### EXERCISE DESCRIPTION
Leaving out pictures, output exactly the lines below from the one that has "By GDP, Burkina" through the one that has "Εδώ, δεν μπορώ", and nothing else.

### DATA SUPPLIED
^^^^^^^^

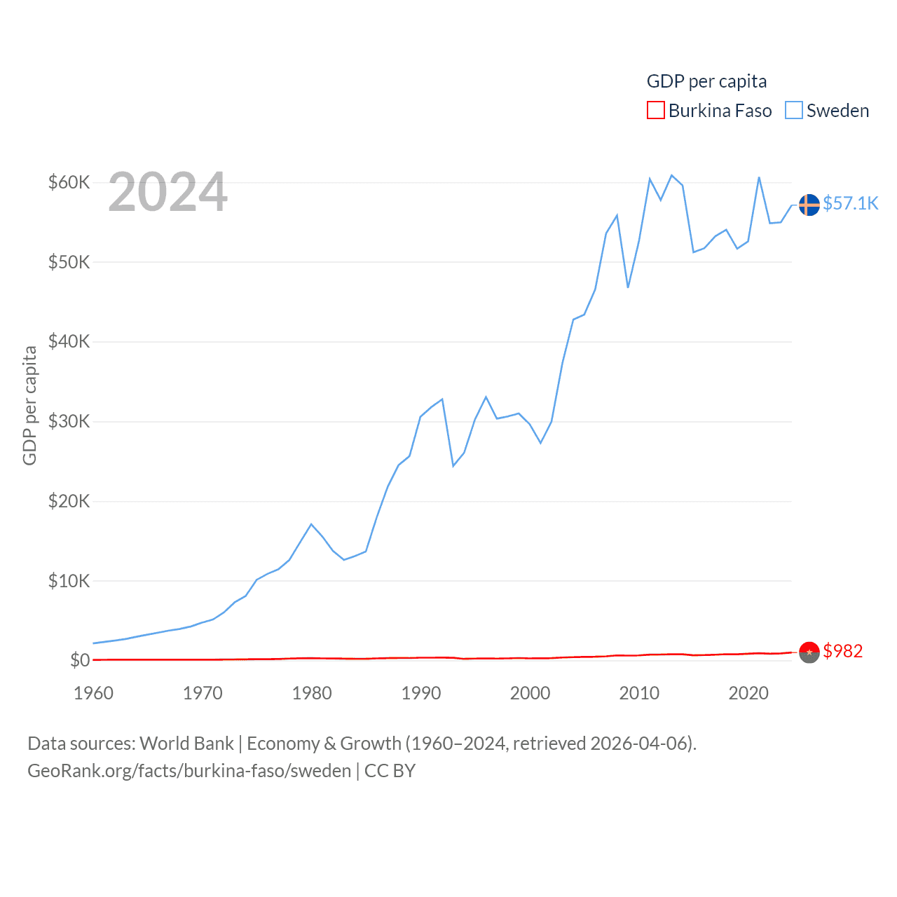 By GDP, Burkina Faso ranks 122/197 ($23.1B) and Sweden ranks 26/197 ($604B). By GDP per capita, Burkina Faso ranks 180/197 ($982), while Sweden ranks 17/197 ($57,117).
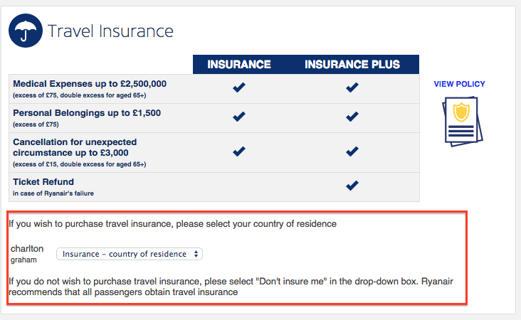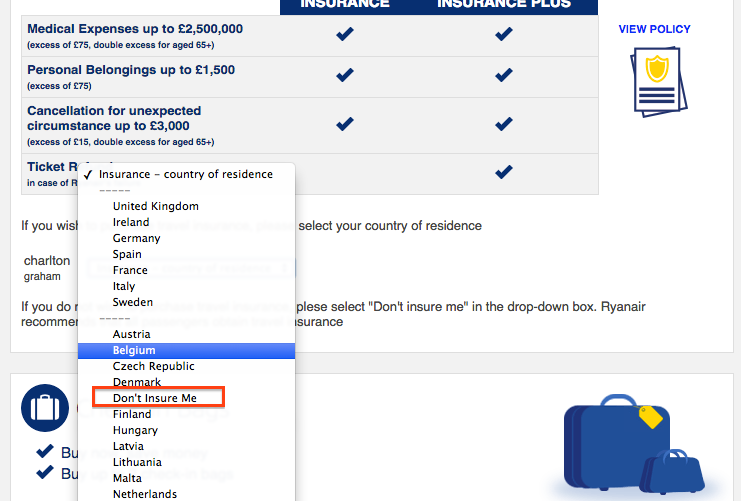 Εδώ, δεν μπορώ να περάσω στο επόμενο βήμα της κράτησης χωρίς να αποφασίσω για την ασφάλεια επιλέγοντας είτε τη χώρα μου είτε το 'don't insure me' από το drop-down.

^^^^^^^^

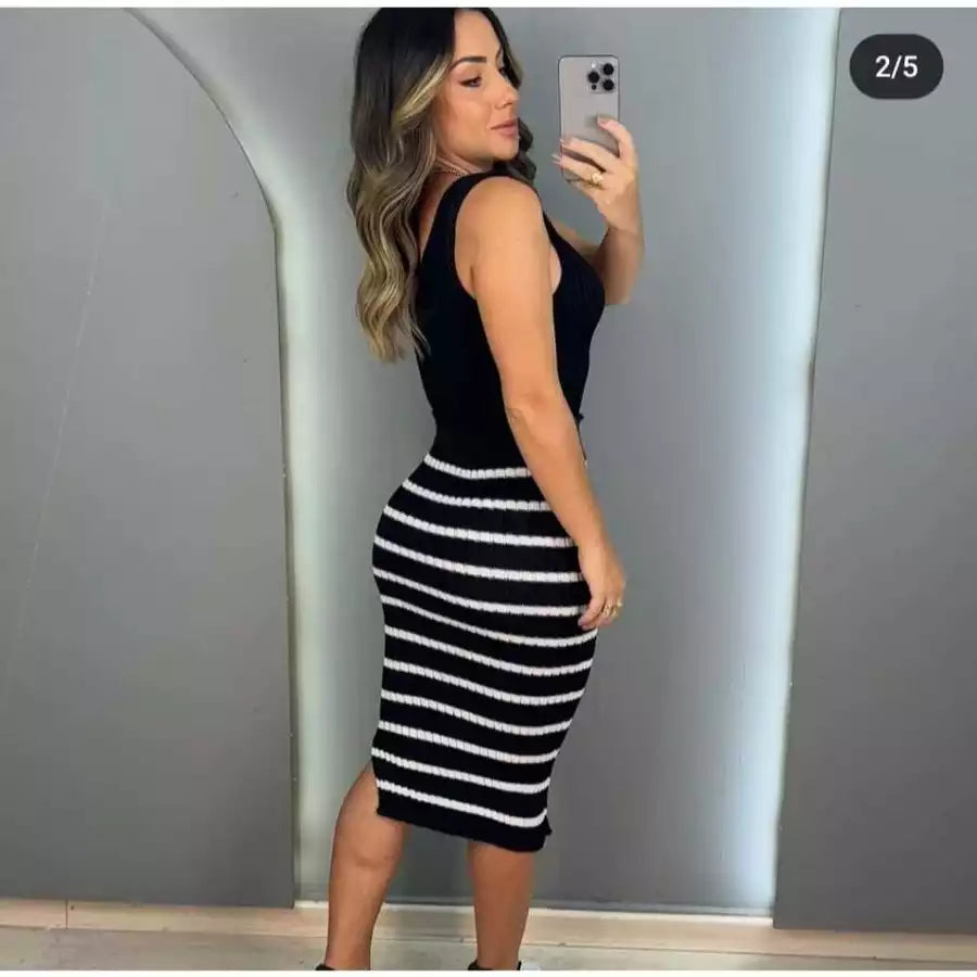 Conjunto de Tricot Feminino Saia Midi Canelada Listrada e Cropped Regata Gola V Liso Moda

^^^^^^^^

### ANSWER TO THIS TASK
 By GDP, Burkina Faso ranks 122/197 ($23.1B) and Sweden ranks 26/197 ($604B). By GDP per capita, Burkina Faso ranks 180/197 ($982), while Sweden ranks 17/197 ($57,117).
 Εδώ, δεν μπορώ να περάσω στο επόμενο βήμα της κράτησης χωρίς να αποφασίσω για την ασφάλεια επιλέγοντας είτε τη χώρα μου είτε το 'don't insure me' από το drop-down.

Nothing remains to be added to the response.